> _Problem details_: Only the lines from the one with "Great news! Our" to the end of the data below should be given again, exactly, with both ends included and pictures omitted.
***** Material to process
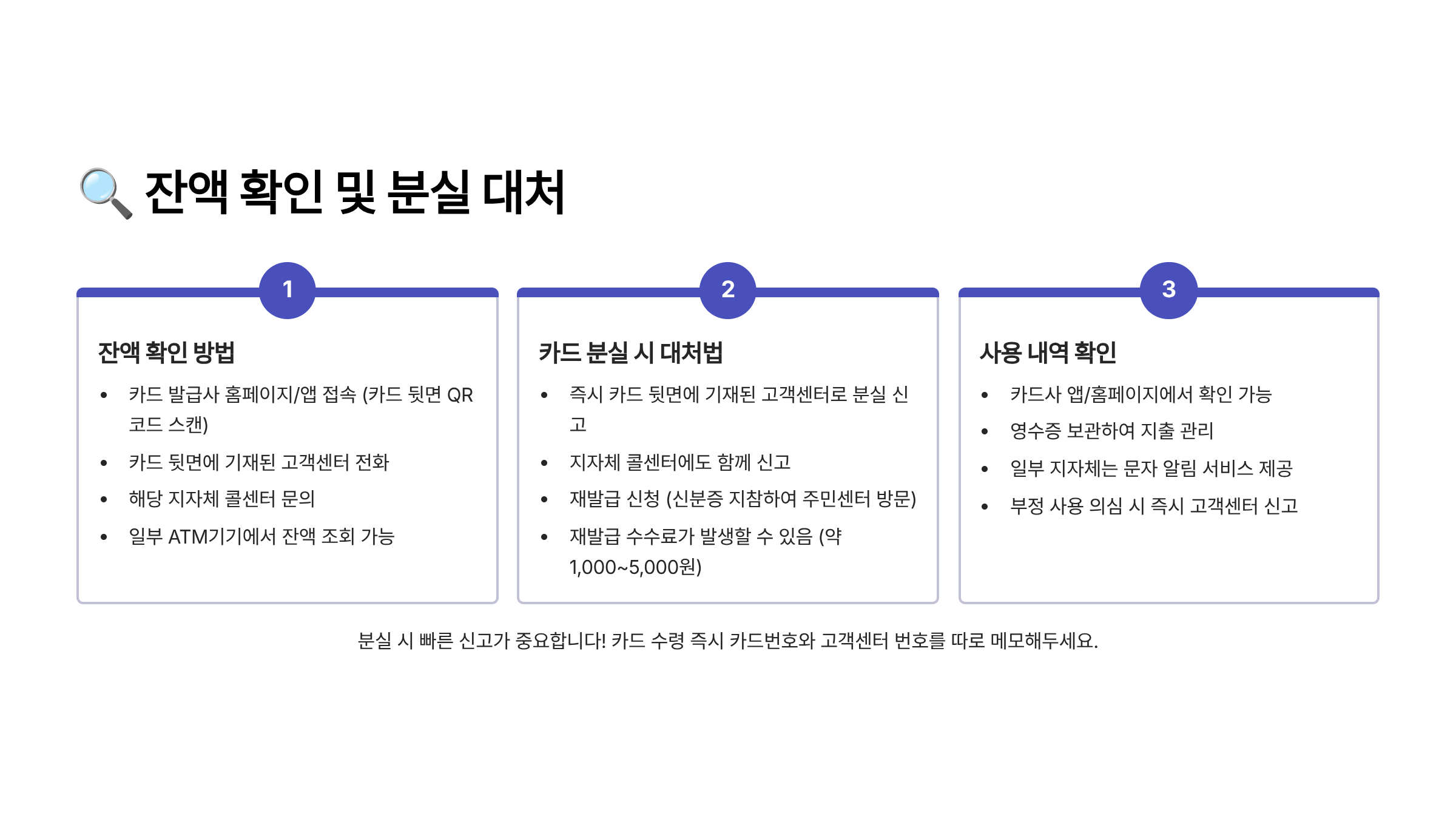 일부 지자체는 앱 연동형 선불카드를 제공하기도 하며, 사용 내역을 실시간으로 확인할 수 있어요.
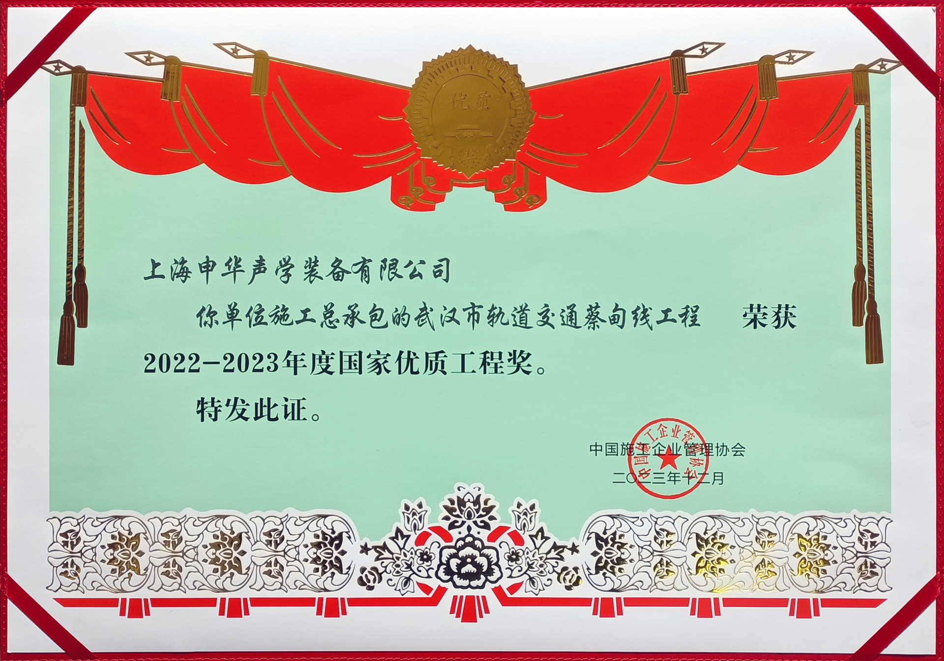 Great news! Our company’s construction project for the Wuhan Rail Transit Caidian Line has been awarded the National Quality Engineering Award for 2022–2023!
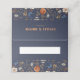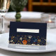 Det finns en vit panel på framsidan av kortet för handskrivet gäst namn. En vacker blommigt i mörk blått och rostigt format med ett modernt teckensnitt på baksidan. Böhmen, land. Bohemian Navy Blue Terracotta Bröllop Place Card.
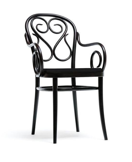 Materials: Bentwood armchair. Beechwood frame with stain or lacquered finish. Upholstered seat with fabric or leather.
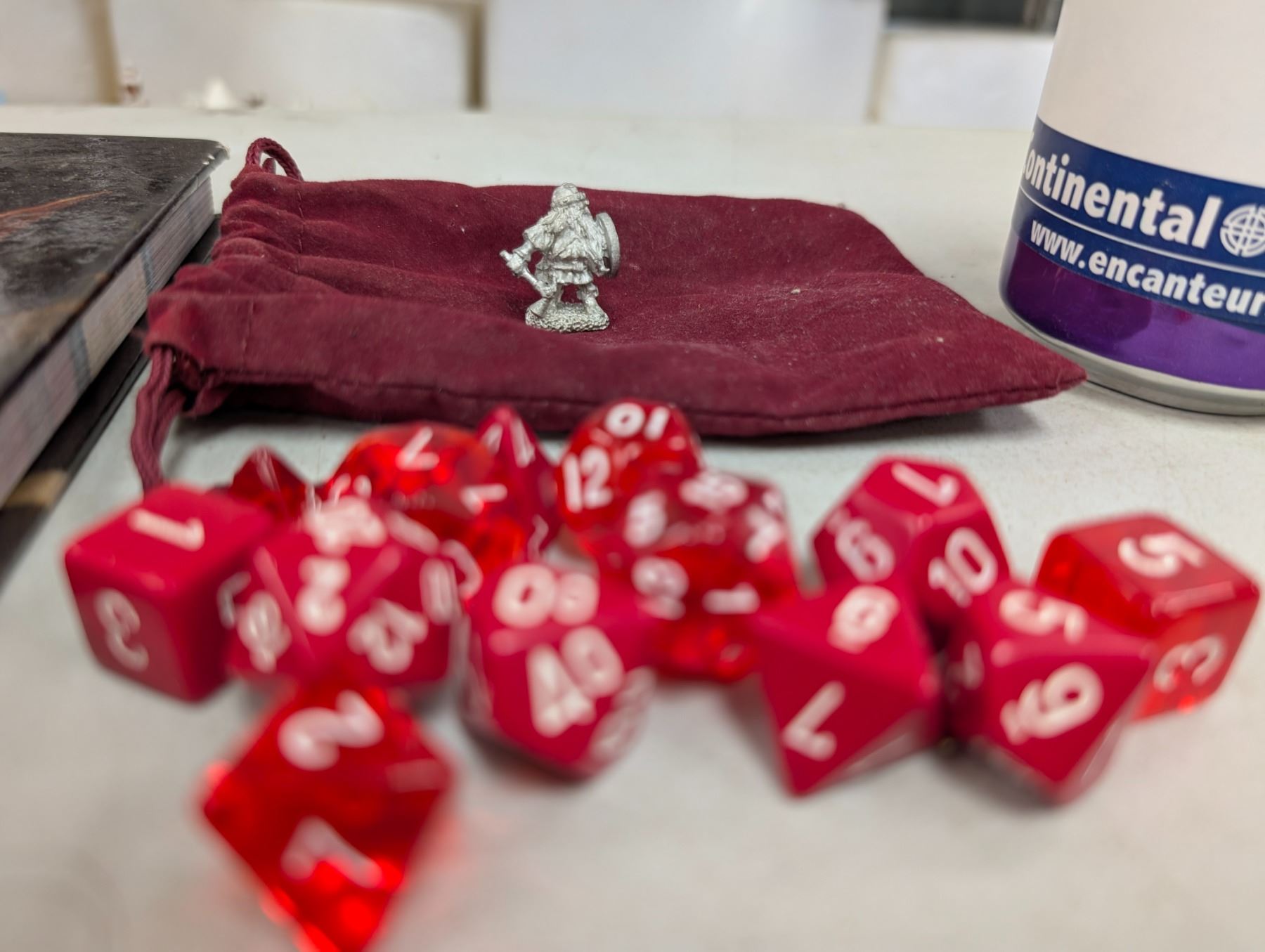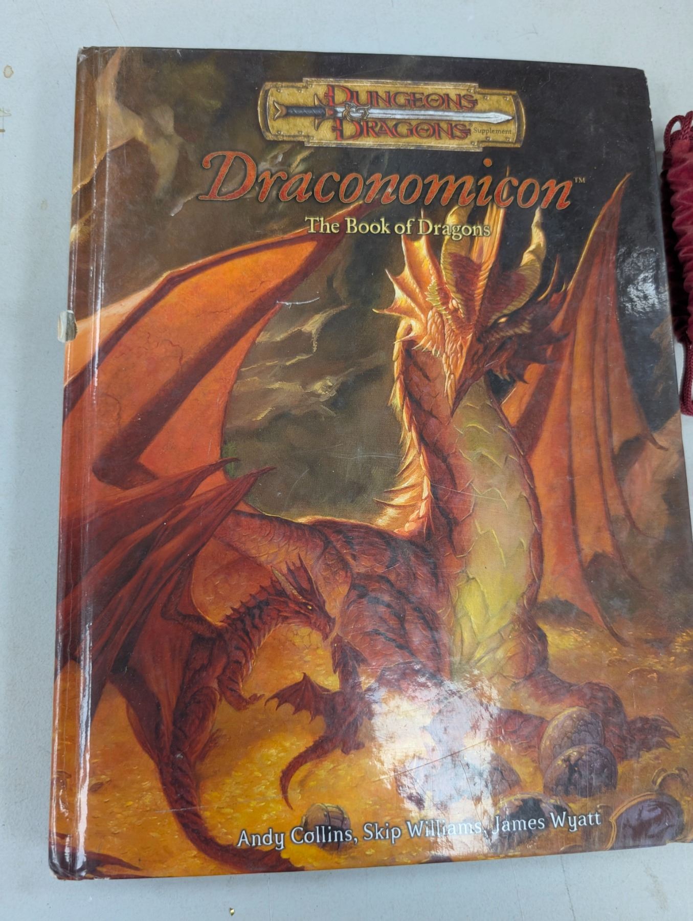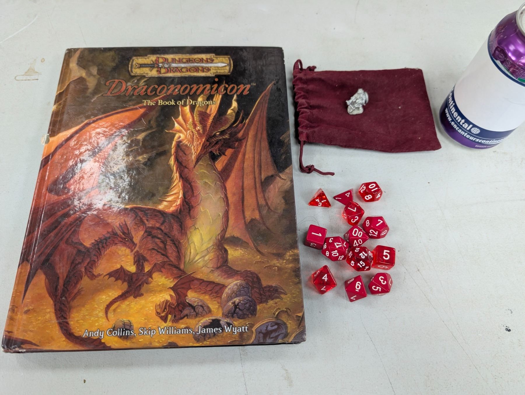 1 BOOK OF DRAGONS - 1 POUCH OF DICE - 1 DIE CAST DWARF FIGURINE
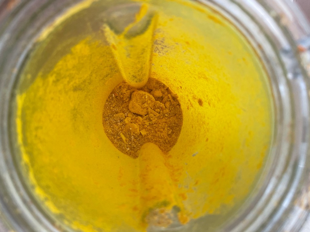 Place the dried turmeric slices in a food processor, coffee grinder or some kind of electric spice grinder. In India, the turmeric slices are pounded into a powder using a stone mortar and pestle. I am speeding up the process by using the smaller container of my Vitamix.
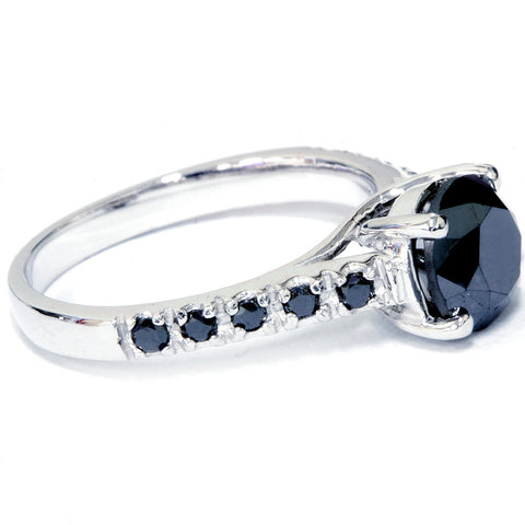 2 1/4 ct Black Diamond Solitaire Accent Engagement Ring 14k White Gold
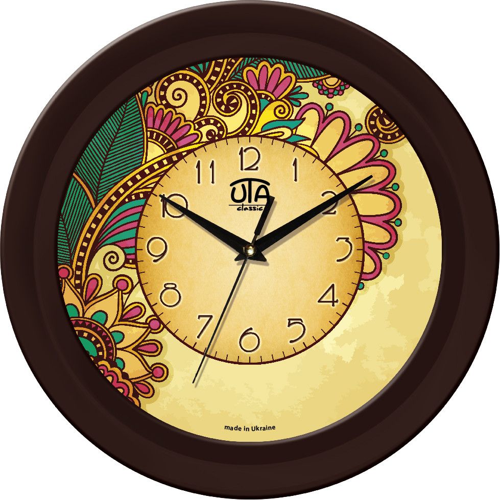 Настінний годинник круглий 350x350x45 мм [mdf, пластик, під склом] uta-10-fbr коричневий
**********
> _Exercise response_:
 Great news! Our company’s construction project for the Wuhan Rail Transit Caidian Line has been awarded the National Quality Engineering Award for 2022–2023!
 Det finns en vit panel på framsidan av kortet för handskrivet gäst namn. En vacker blommigt i mörk blått och rostigt format med ett modernt teckensnitt på baksidan. Böhmen, land. Bohemian Navy Blue Terracotta Bröllop Place Card.
 Materials: Bentwood armchair. Beechwood frame with stain or lacquered finish. Upholstered seat with fabric or leather.
 1 BOOK OF DRAGONS - 1 POUCH OF DICE - 1 DIE CAST DWARF FIGURINE
 Place the dried turmeric slices in a food processor, coffee grinder or some kind of electric spice grinder. In India, the turmeric slices are pounded into a powder using a stone mortar and pestle. I am speeding up the process by using the smaller container of my Vitamix.
 2 1/4 ct Black Diamond Solitaire Accent Engagement Ring 14k White Gold
 Настінний годинник круглий 350x350x45 мм [mdf, пластик, під склом] uta-10-fbr коричневий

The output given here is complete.